Actually, there are three main types of SMF: Type 0, 1, and 2. Type 2 isn’t much used, but Types 0 and 1 are.

Type 0 has 1 track consisting of up to 16 MIDI channels. The MIDI events are in order of time, regardless of channel (meaning all channels are interleaved together into one MIDI stream, just as real live cable-type hardware MIDI is).

Type 1 has multiple tracks (no real limit) each consisting of up to 16 MIDI channels. While each track has its events in order of time regardless of channel, the tracks are recorded one after another in the file, and remain discrete units. In effect, Type 1 is simply a collection of multiple Type 0 streams, each one called a “Track.”

(Type 2 is to Type 1 what Type 1 is to Type 0. Not really very useful in real life.)

Most MIDI software wants Type 1, with one channel per track, because it makes editing the songs easier.

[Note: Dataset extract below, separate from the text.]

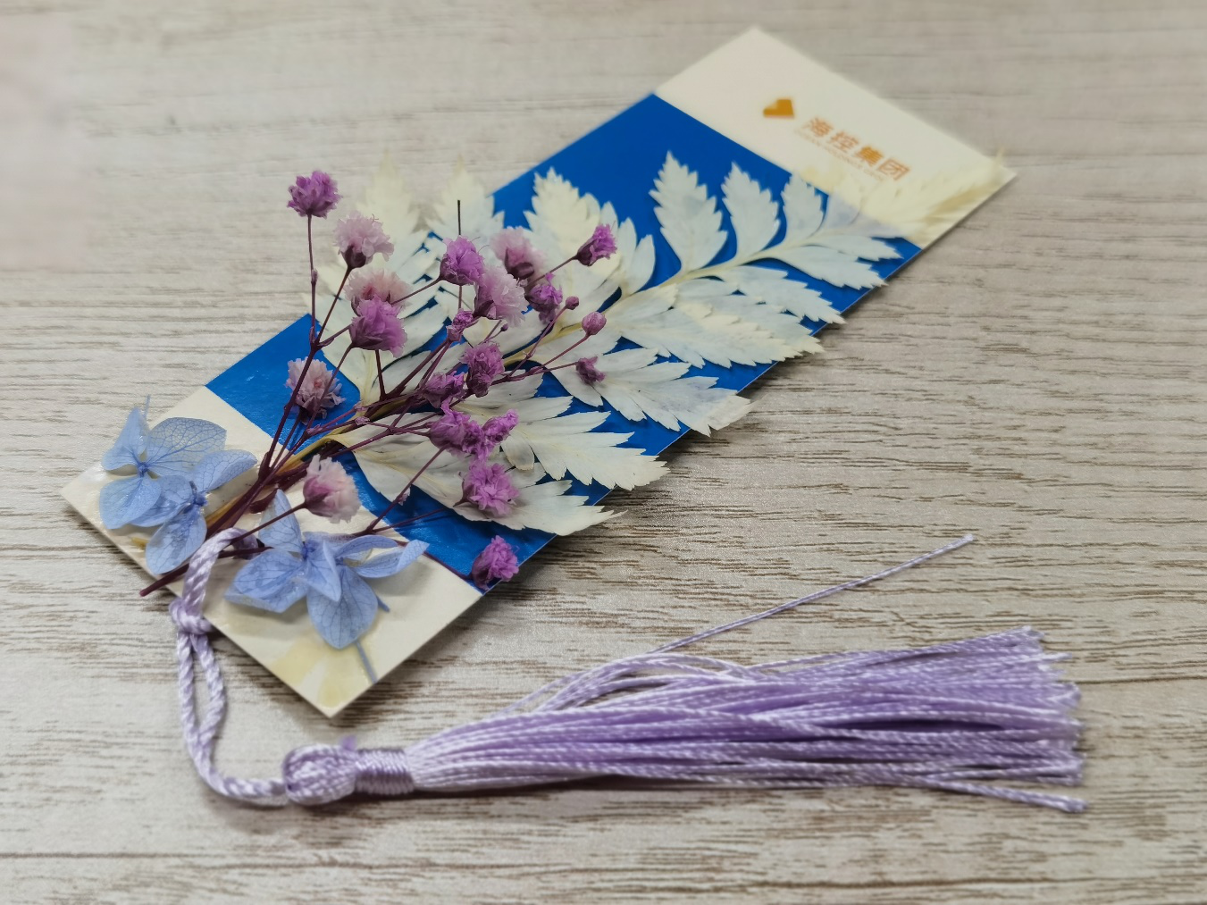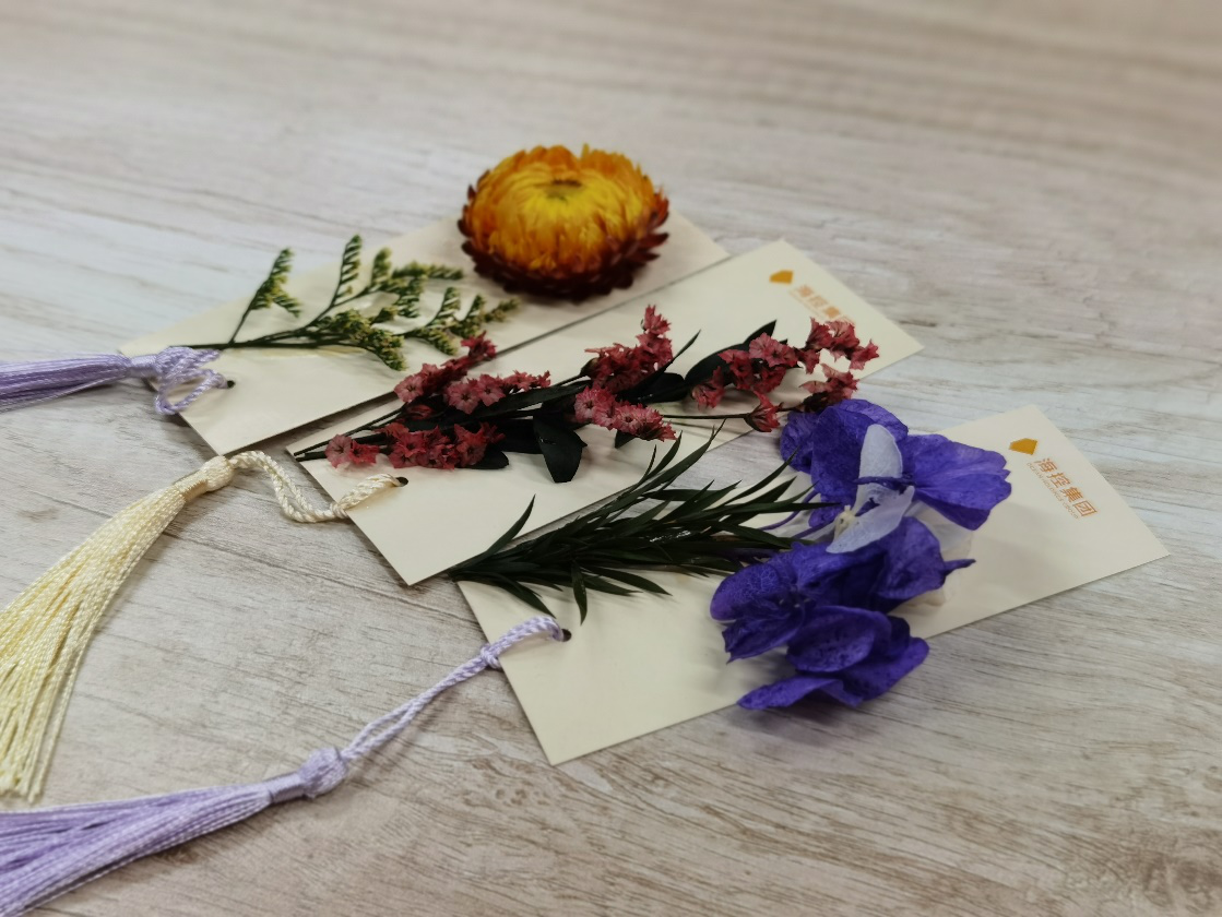 現(xiàn)場擺放有集團定制logo書簽、空白書簽、干花和各色馬克筆。在學習小組和文藝小組的帶領下,大家用手中的畫筆和工具,在書簽上揮灑著創(chuàng)意與靈感。

If all the MIDI channels are in one track as per a Type 0 file, then the sequencer software has to spend time separating the events out on a per-channel basis to separate them into individual tracks for editing purposes.

Type 0, on the other hand, can stream-play right off of even an ordinary floppy disk without first having to be loaded entirely into memory, assuming the keyboard or other floppy-equipped device supports this feature (my Yamaha PSR-7000 does). This is simply not possible with Type 1 (let alone Type 2) because the entire file would first need to be processed before any of it could be played, to determine the proper order of MIDI events, since the tracks are placed in sequential order in the file, one after another.

Regardless of type, SMF files can contain any MIDI events, plus special SMF-specific “meta-events.” One obvious meta-event is timing information: since real MIDI streams are done in real-time, there is no need to specify when each MIDI event is to happen. It happens when the event comes down the wire. Not so with a disk file, which has all the events in one file. They may be in sequential order (per track in the case of Types 1 and 2), but that still doesn’t say how much time passes between any two adjacent events. These events are timed in terms of Measure, Beat, and Tick, where the number of Ticks per Beat is defined by the resolution (in PPQ), which is itself a value specified in a meta-event (in the SMF header).

Lyrics and other text information (title, composer, copyright, Track names in the case of Types 1 and 2, etc.) are other types of meta-events. Markers are another (basically text meta-events at specific time points that are general to all tracks), and are, for instance, used in Yamaha StyleFile Format files (which are themselves Type 1 SMF files with additional CASM [used to specify, among other things, how notes in the tracks should be transposed to adjust for the chord being played] information that follows the SMF Type 1 part) to denote where, for instance, Intro A, Intro B, Main A, Main B, Main C, Fill A, Fill B, Ending A, Ending B, etc. are.

While it is true that instruments have their own sets of voice sounds, some additional compatibility is made possible by the General MIDI Level 1 standard, and various extensions to that standard (mostly proprietary such as Roland GS, Yamaha XG, GEM/Baldwin GMX, and Technics NX, but now there is also an official General MIDI Level 2 standard as well). GM means that a part recorded for a timpani sound on one GM Level 1 compatible device or software will not wind up being played by a piccolo sound on another device. It will be played by a timpani sound, regardless of who makes the device (of course, the quality of the timpani sound can vary from device to device but at least it won’t be a drastically wrong instrument!), or, worse yet, a two-handed ragtime piano track won’t wind up being played by a drum kit, or vice-versa (imagine the drum solo to “In-a-Gadda-da-Vida” being MIDIfied and mistakenly played back as seemingly-random notes by some pitched sound like, say, an accordian!).